It’s Wednesday and that means it’s time for me to talk about what I’m currently obsessed with. What better way to traverse the rocky terrain of hump day than to talk about some random, usually exorbitant and quite possibly ridiculous thing that I’ll never own but will continuously obsess over?

So every day I walk home down King Street (well, let’s be honest, not every day… some days I take cabs) past Knoll Studio and I stop and press my mittens up against the glass and fantasize about all the sleek, modern, stark looking chairs that I could (and should) have sitting oh-so-casually in my hallway.

Before we take this further, it’s time I reveal that I have an obsession for two things: see through materials and bright primary colours. Which is why I’m thinking of not eating this month so I can buy these:

x3 stacking chair by Marcus Moran for Knoll Studio.

Say hello to the x3 stacking chair by Marcus Moran for Knoll Studio. Not only are they inspired by the iconic metal grids of sculptor and designer Harry Bertoia’s landmark Diamond Chairbut they’re see through and bright primary-coloured! These are heroin in chair form. Chair nip. If I had a baby, I would sell it for these chairs.

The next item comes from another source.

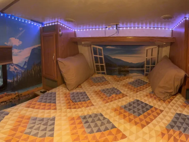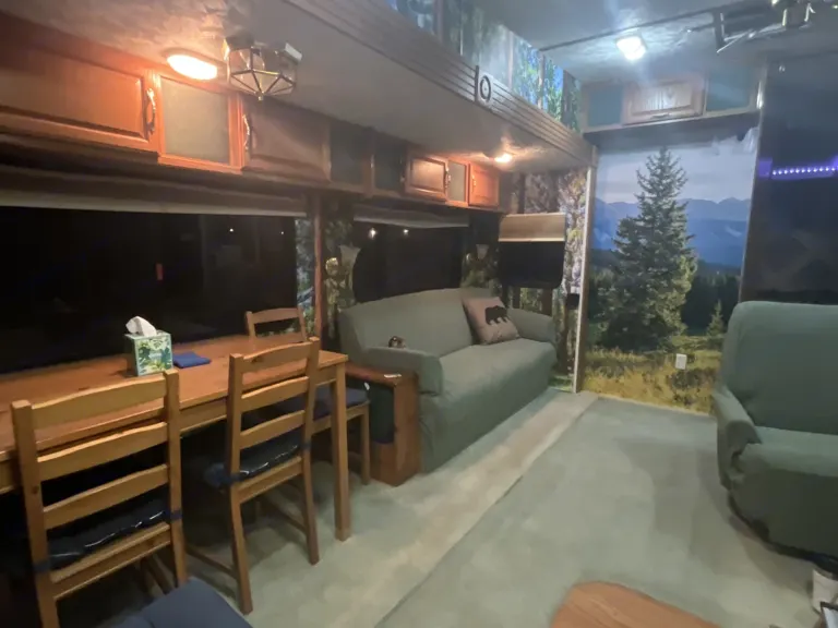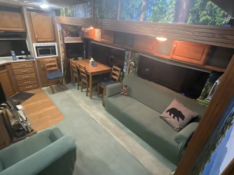 Step inside to discover this one of a kind beautiful panoramic outdoor ambience, indoors. Rain or shine enjoy the scenery. Comes ready to go with bedlinen, towels, kitchen essentials, Fire Wood, and games.WE Will TOW NO Cost TO Jenkins Lake (all other locations tow fees will apply). OR Pick up this RV on your way up the hill. We are located off HWY50 Sly Park exit.. Near Jenkins Lake, Ice House, Union Valley, Loon Lake to name a few. This RV has a high ceiling and open floor plan: 1 bedroom, 1 bathroom with shower skylight, spacious living room and kitchen.

At $331 US a pop, my dream of having four multi-hued x3’s sitting on my patio as I sip mojitos and gaze serenely into the future suddenly seemed a bit more decadent than I’d originally planned. I suppose they’re worth it because each chair is created by “the bi-injection of transparent polycarbonate and a desmopan colored lattice”. Whatever, I want them just for the cute colour names that these babies come in: Tangerine, Sapphire, Lime, Clear Silver, Clear Gold and Smoke. I’ll take two of each!